I could read this book a thousand times and never reach the bottom of it. I think I could read ten thousand more books before I die and never encounter prose poetry that is as good, or shot through with depth, as in this book. I do not think it is possible to write the English language better than Annie Dillard does here. I read her sentences and marvel. I can do no better to illustrate how good the writing in this book is than to quote the first paragraph:
Every day is a god, each day is a god, and holiness holds forth in time. I worship each god, I praise each day splintered down, splintered down and wrapped in time like a husk, a husk of many colors spreading, at dawn fast over the mountains split.
The greatest compliment I can give to any writer is to say, “I wish I could write like that,” and to know I never will.
You can never summarize a great book. Flannery O’Connor told us so much in Mystery and Manners, when she said that a great book “resists paraphrase.”
Thus I despair of the paraphrases that I have given above. The only way to really describe any of the books above is to read the whole thing. And that can’t be done in a blog post. But I hope that what I have written is enough to inspire you to choose some of these wonderful books and read them; or, if you have read them, to return to them.
Because another mark of a great book is not just that it invites rereading but that it demands it.

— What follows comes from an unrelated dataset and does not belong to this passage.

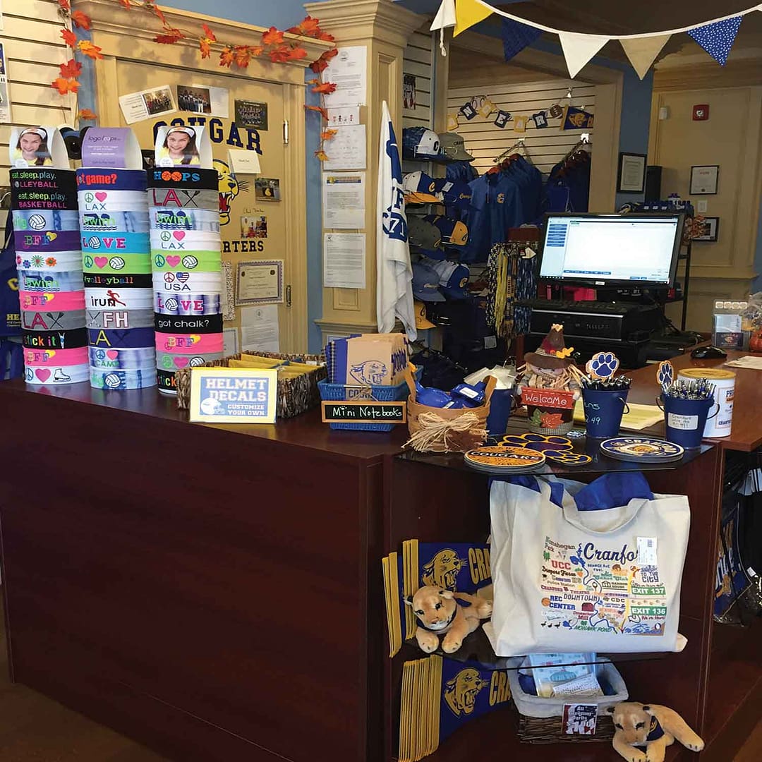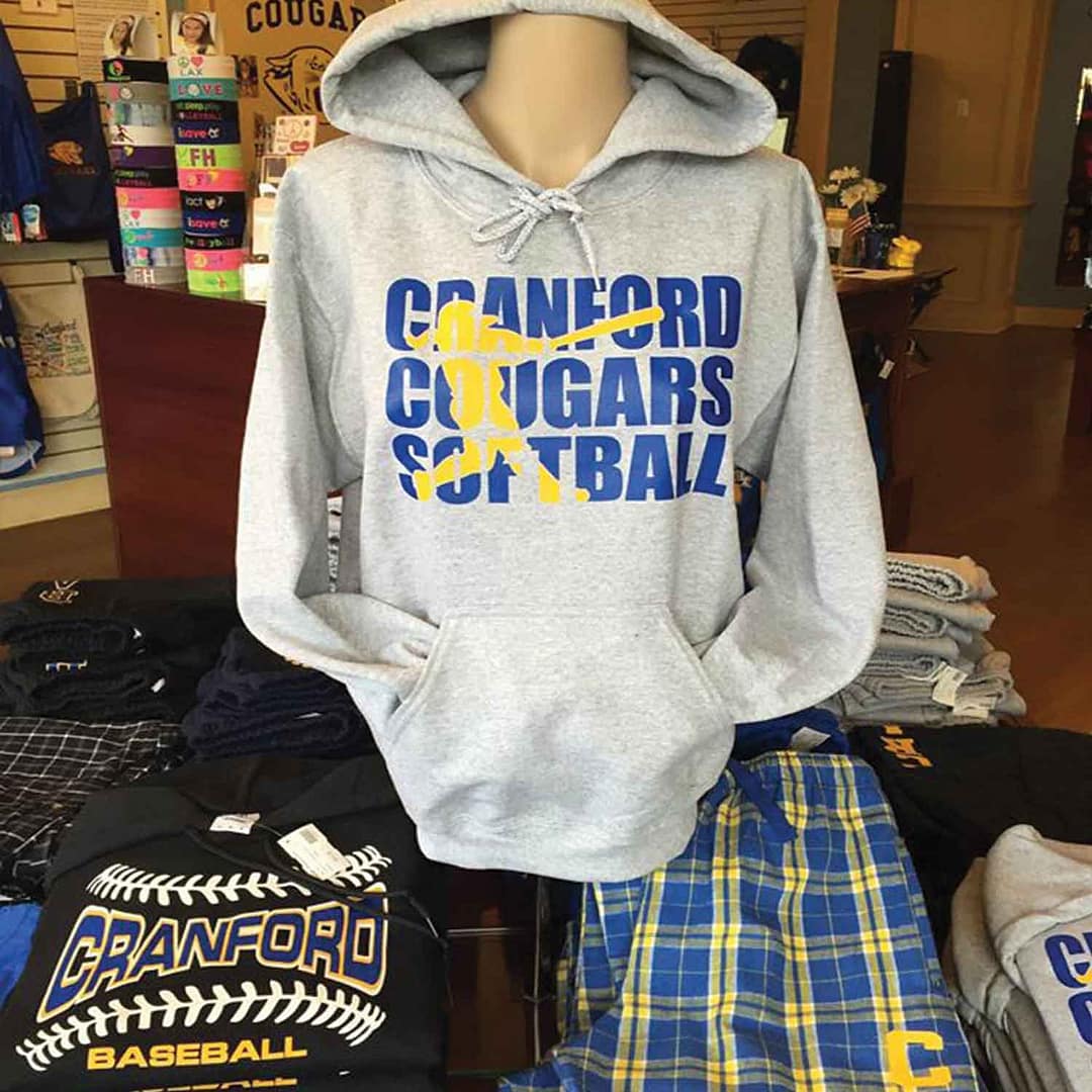 Located on Centennial Ave, Cougar Headquarters offers a retail store of everything Cranford! Here you can find anything from apparel to accessories.CHQ offers a wide variety of shirts, hats, hoodies, magnets, glassware and more!   In addition to our retail offerings CHQ also provides custom varsity jackets, screen-printing & embroidery.

Good writing is slow, and careful. Good reading is also slow, and careful, and the obsession many have with “speed reading” is a psychological illness. Woody Allen has the best description of the effects of speed reading: “I took a speed reading course where you run your finger down the middle of the page. I read War and Peace in 20 minutes. It’s about Russia.”
Imagine saying, “I just don’t have the time.” What poverty. Books hath the power to change your life. Take the time for them, and take your time with them.